_Exercise aim_
Word for word, write out all the entries below, omitting every picture.

_Recorded information_
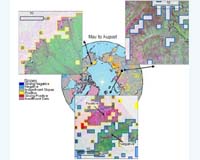 Falmouth MA (SPX) May 18, 2006 Using time series analyses of a 22-year record of satellite observations across the northern circumpolar high latitudes, scientists at the Woods Hole Research Center are assessing trends in vegetation photosynthetic activity. The results indicate that tundra areas consistently and predominantly show greening trends while forested areas show browning, indicating that the boreal forest biome might be responding to climate change in previously unexpected ways. This research is highlighted in the current issue of Earth Interactions. According to Andrew Bunn, lead author of the paper and a post-doctoral fellow at the Center, "This research suggests that the high latitudes might not be responding to climate change as previously thought. If the ability of boreal forests to capture and store carbon in a warmer world is not as great as we've previously supposed, then we will have to think differently about how the planet will respond to continuing emissions of carbon dioxide." All land surfaces above 50� N, excluding the glaciers of Greenland, were included in this study. Growing seasons were defined as May to August though early and late growing season periods were also considered. Three primary data sets derived from polar-orbiting satellites were used. Overall, tundra areas show marked greening over the entire growing season. These patterns were consistent with relatively simple climate response seen in related work in North America, where areas responded to summer maximum temperatures while the response of forest vegetation was more complex. Boreal forests patterns indicate significant greening in May and June, with gains offset by substantive browning in July and August. These results illustrate a need for an expanded observational network, additional analysis of existing data sets, including tree rings, and improvements in process models of ecosystem responses to climate change. According to Scott Goetz, a senior scientist at the Center and co-author of the paper, "This work extends our previous analyses by specifically considering issues of vegetation type and density over this vast region, as well as differences in seasonality of photosynthetic gains and losses. Rather than a systematic greening of high latitudes with warmer temperature, we are seeing a more nuanced and surprisingly rapid response to changes in climate. "What we'd like to know is whether these trends will continue to result in forest decline, exacerbating the impact of warming, or will the forests somehow be able to adapt? Models can tell us what is likely to occur, but we are most anxious to see what the satellite observations will reveal over the next few years." Dr. Bunn is an ecologist interested in understanding climate change impacts on the biosphere. He is particularly interested in understanding the natural range of climate variability over the last two thousand years using natural archives of past temperature and precipitation derived from tree rings. He was awarded a Canon National Parks Science Scholarship in 2001 for work combining tree rings, remote sensing, and computer simulations of high elevation forests in Sequoia National Park. He earned a master's degree from Duke University and a doctorate from Montana State University. Dr. Goetz works on the application of satellite imagery to analyses of environmental change, including monitoring and modeling links between land use change, forest productivity, biodiversity, climate, and human health. Before joining the Center, he was on the faculty at the University of Maryland for seven years, where he maintains an adjunct associate professor appointment, and was a research scientist at NASA's Goddard Space Flight Center. He received his Ph.D. from the University of Maryland. Community Email This Article Comment On This Article Related Links Woods Hole Research Center Climate Science News - Modeling, Mitigation Adaptation
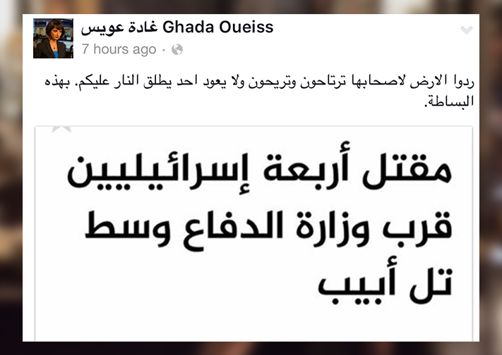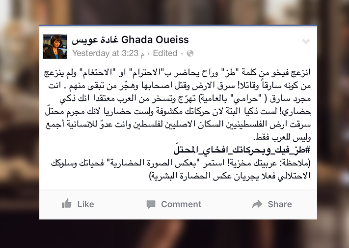 ودخلت المذيعة بقناة "الجزيرة" غادة عويس في جدال شديد مع أدرعي عبر صفحتيهما الرسمية على فيسبوك، وذلك بعد إطلاقها "هاشتاغ" ضده، ردًا على نشره فيديو التهنئة بشهر رمضان على حسابه.
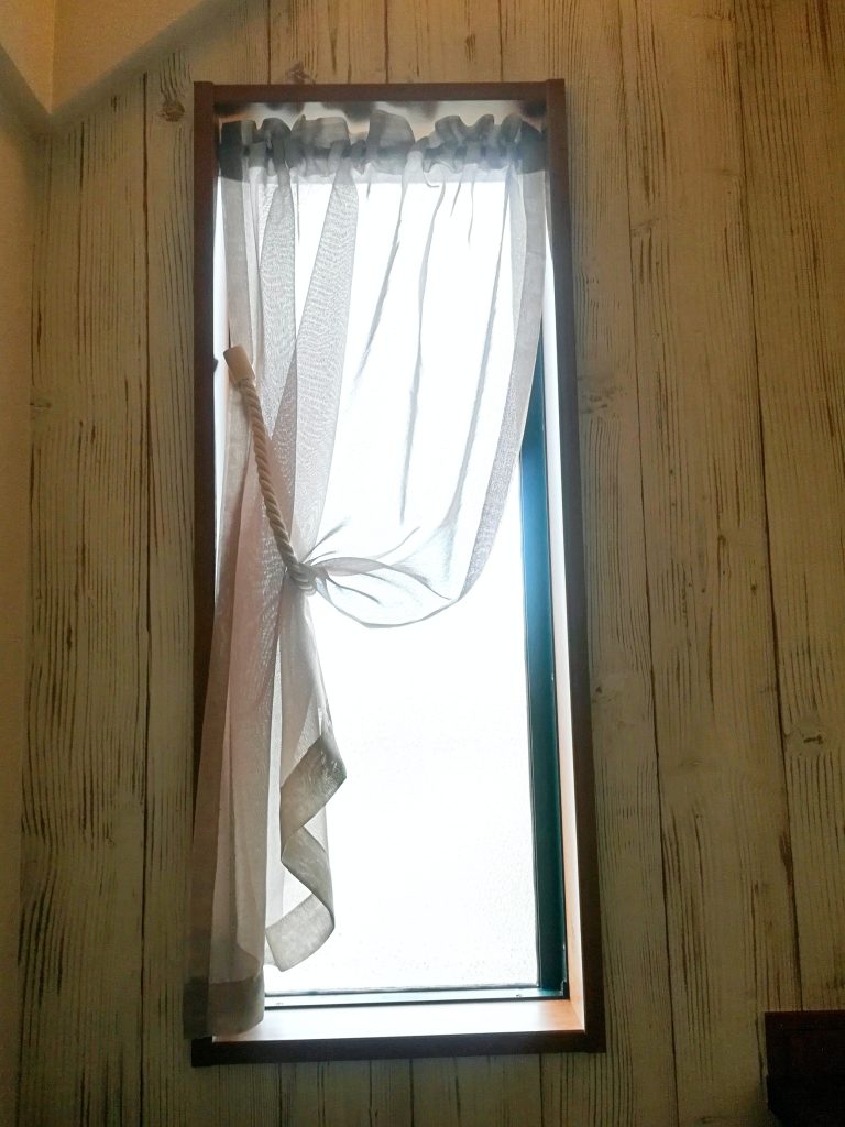 カーテンの上部はそのままフラットに縫うのではなく、上部に余裕を持たせて、ニュアンスを出しています。ロープのタッセルもお外っぽいポイント。色はわかりにくいですが、淡いベージュです。
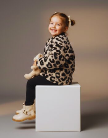 Girls Leopard Print Fleece Bomber Jacket | Luxury Outerwear
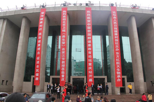 2015年11月16日,由人民日报社健康时报主办,北京东方红航天生物技术股份有限公司独家支持的中国胆固醇健康教育万里行走进山城重庆,在文化宫大剧院隆重举行。北京医院心内科副主任、北京卫视《养生堂》名家汪芳教授,人民日报社健康时报健康教育部主任李蔚海先生,北京东方红航天生物技术股份有限公司副总裁曾牧先生等领导和嘉宾出席了本次活动。
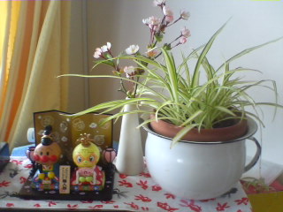まだ娘が落ち着いておらず、スペースもないので昨年購入したアンパンマン雛人形を。
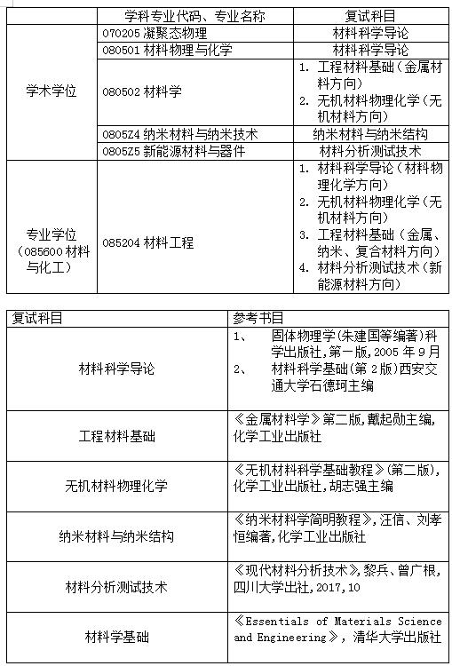 注:学硕-生物医学工程,专硕-电子信息、生物医学工程,已不在材料院。上述复试参考书目,个人感觉还是针对线下复试存在笔试的情况,线上复试建议以材料科学基础为主,可适当结合所报考方向和上表书目适当补充。
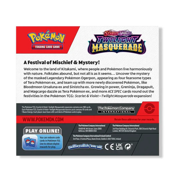 - Includes 1 Booster Box with 36 Pokémon TCG: Scarlet & Violet—Twilight Masquerade booster packs
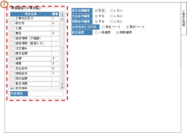 費目の順番を設定しておらず、代表費目を設定した場合、〔工事請求査定入力〕の査定結果の
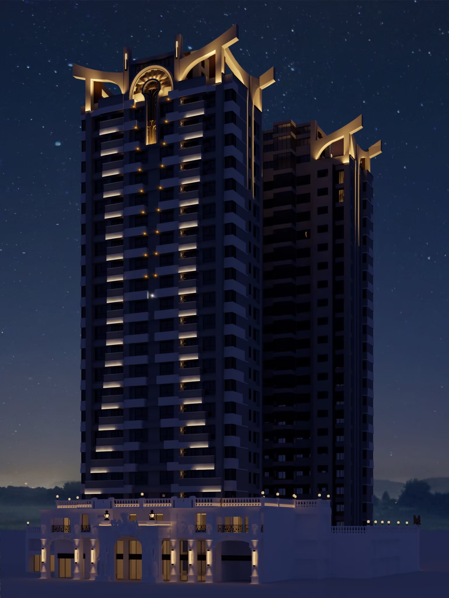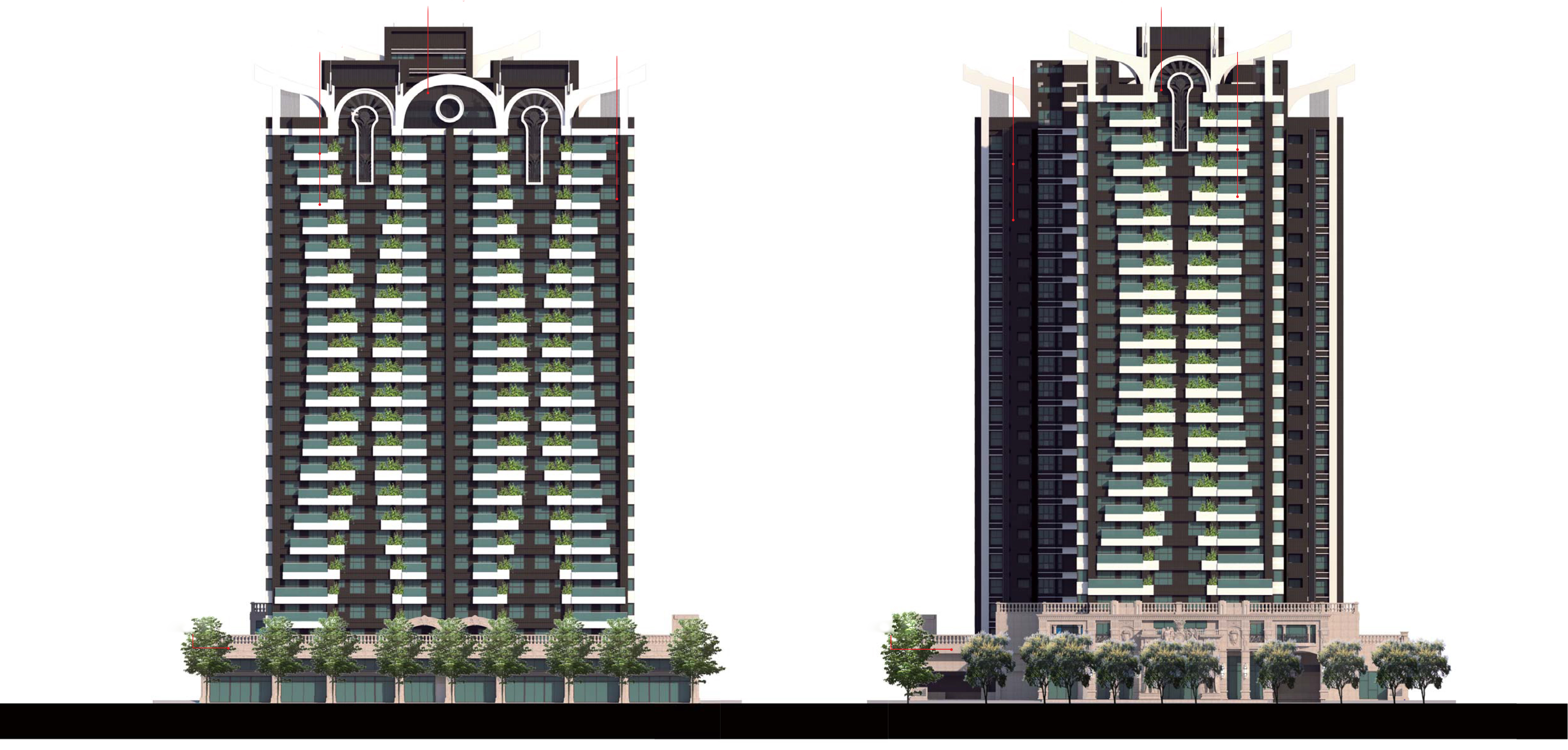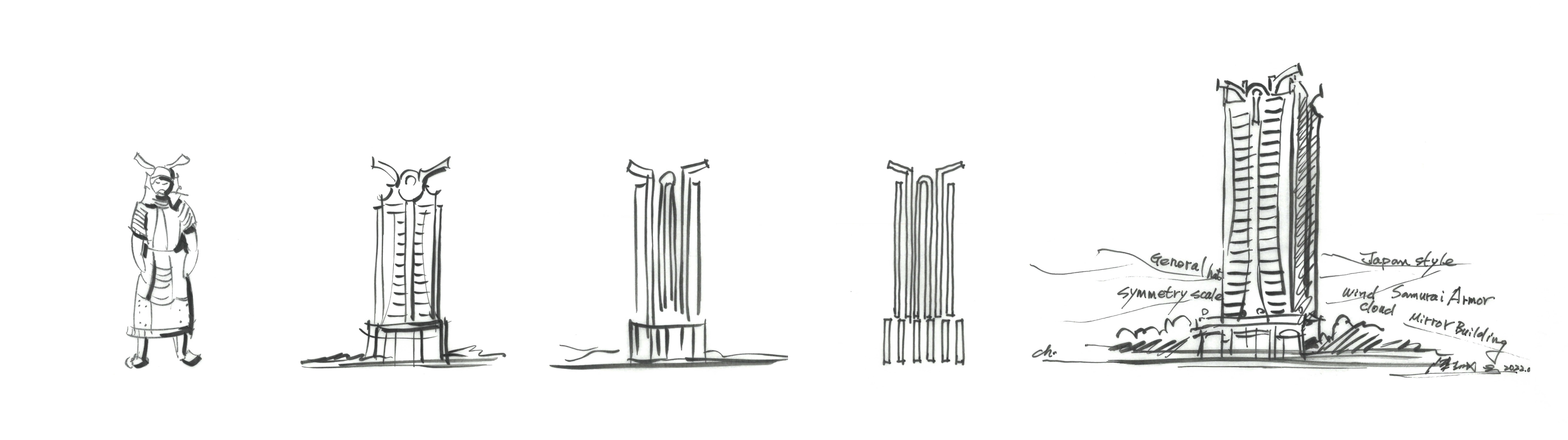 Unlike the lower and upper parts of the structures with traditional elements from Eastern and Western cultures, the middle parts feature a design of modern architecture, with neat, sleek curves reaching up from below. The balconies of the housing units, transformed from the armors of Edo Bakufu, serve to turn modern Japanese architectural lexicon into sustainable vertical greenery on the façades of the buildings, adding greenness and life to the black-and-white floors of the simple buildings. Where the East Meets the West is a combination of Eastern and Western aesthetics that also blends the traditional and the modern, thereby ingeniously constructing new-era structures with a mix-and-match style and multiple imagery. Thus a unique exemplary landmark is born, imbued with aesthetics and tastes rooted in diverse cultures.

_Response box_
 Falmouth MA (SPX) May 18, 2006 Using time series analyses of a 22-year record of satellite observations across the northern circumpolar high latitudes, scientists at the Woods Hole Research Center are assessing trends in vegetation photosynthetic activity. The results indicate that tundra areas consistently and predominantly show greening trends while forested areas show browning, indicating that the boreal forest biome might be responding to climate change in previously unexpected ways. This research is highlighted in the current issue of Earth Interactions. According to Andrew Bunn, lead author of the paper and a post-doctoral fellow at the Center, "This research suggests that the high latitudes might not be responding to climate change as previously thought. If the ability of boreal forests to capture and store carbon in a warmer world is not as great as we've previously supposed, then we will have to think differently about how the planet will respond to continuing emissions of carbon dioxide." All land surfaces above 50� N, excluding the glaciers of Greenland, were included in this study. Growing seasons were defined as May to August though early and late growing season periods were also considered. Three primary data sets derived from polar-orbiting satellites were used. Overall, tundra areas show marked greening over the entire growing season. These patterns were consistent with relatively simple climate response seen in related work in North America, where areas responded to summer maximum temperatures while the response of forest vegetation was more complex. Boreal forests patterns indicate significant greening in May and June, with gains offset by substantive browning in July and August. These results illustrate a need for an expanded observational network, additional analysis of existing data sets, including tree rings, and improvements in process models of ecosystem responses to climate change. According to Scott Goetz, a senior scientist at the Center and co-author of the paper, "This work extends our previous analyses by specifically considering issues of vegetation type and density over this vast region, as well as differences in seasonality of photosynthetic gains and losses. Rather than a systematic greening of high latitudes with warmer temperature, we are seeing a more nuanced and surprisingly rapid response to changes in climate. "What we'd like to know is whether these trends will continue to result in forest decline, exacerbating the impact of warming, or will the forests somehow be able to adapt? Models can tell us what is likely to occur, but we are most anxious to see what the satellite observations will reveal over the next few years." Dr. Bunn is an ecologist interested in understanding climate change impacts on the biosphere. He is particularly interested in understanding the natural range of climate variability over the last two thousand years using natural archives of past temperature and precipitation derived from tree rings. He was awarded a Canon National Parks Science Scholarship in 2001 for work combining tree rings, remote sensing, and computer simulations of high elevation forests in Sequoia National Park. He earned a master's degree from Duke University and a doctorate from Montana State University. Dr. Goetz works on the application of satellite imagery to analyses of environmental change, including monitoring and modeling links between land use change, forest productivity, biodiversity, climate, and human health. Before joining the Center, he was on the faculty at the University of Maryland for seven years, where he maintains an adjunct associate professor appointment, and was a research scientist at NASA's Goddard Space Flight Center. He received his Ph.D. from the University of Maryland. Community Email This Article Comment On This Article Related Links Woods Hole Research Center Climate Science News - Modeling, Mitigation Adaptation
 ودخلت المذيعة بقناة "الجزيرة" غادة عويس في جدال شديد مع أدرعي عبر صفحتيهما الرسمية على فيسبوك، وذلك بعد إطلاقها "هاشتاغ" ضده، ردًا على نشره فيديو التهنئة بشهر رمضان على حسابه.
 カーテンの上部はそのままフラットに縫うのではなく、上部に余裕を持たせて、ニュアンスを出しています。ロープのタッセルもお外っぽいポイント。色はわかりにくいですが、淡いベージュです。
 Girls Leopard Print Fleece Bomber Jacket | Luxury Outerwear
 2015年11月16日,由人民日报社健康时报主办,北京东方红航天生物技术股份有限公司独家支持的中国胆固醇健康教育万里行走进山城重庆,在文化宫大剧院隆重举行。北京医院心内科副主任、北京卫视《养生堂》名家汪芳教授,人民日报社健康时报健康教育部主任李蔚海先生,北京东方红航天生物技术股份有限公司副总裁曾牧先生等领导和嘉宾出席了本次活动。
まだ娘が落ち着いておらず、スペースもないので昨年購入したアンパンマン雛人形を。
 注:学硕-生物医学工程,专硕-电子信息、生物医学工程,已不在材料院。上述复试参考书目,个人感觉还是针对线下复试存在笔试的情况,线上复试建议以材料科学基础为主,可适当结合所报考方向和上表书目适当补充。
 - Includes 1 Booster Box with 36 Pokémon TCG: Scarlet & Violet—Twilight Masquerade booster packs
 費目の順番を設定しておらず、代表費目を設定した場合、〔工事請求査定入力〕の査定結果の
 Unlike the lower and upper parts of the structures with traditional elements from Eastern and Western cultures, the middle parts feature a design of modern architecture, with neat, sleek curves reaching up from below. The balconies of the housing units, transformed from the armors of Edo Bakufu, serve to turn modern Japanese architectural lexicon into sustainable vertical greenery on the façades of the buildings, adding greenness and life to the black-and-white floors of the simple buildings. Where the East Meets the West is a combination of Eastern and Western aesthetics that also blends the traditional and the modern, thereby ingeniously constructing new-era structures with a mix-and-match style and multiple imagery. Thus a unique exemplary landmark is born, imbued with aesthetics and tastes rooted in diverse cultures.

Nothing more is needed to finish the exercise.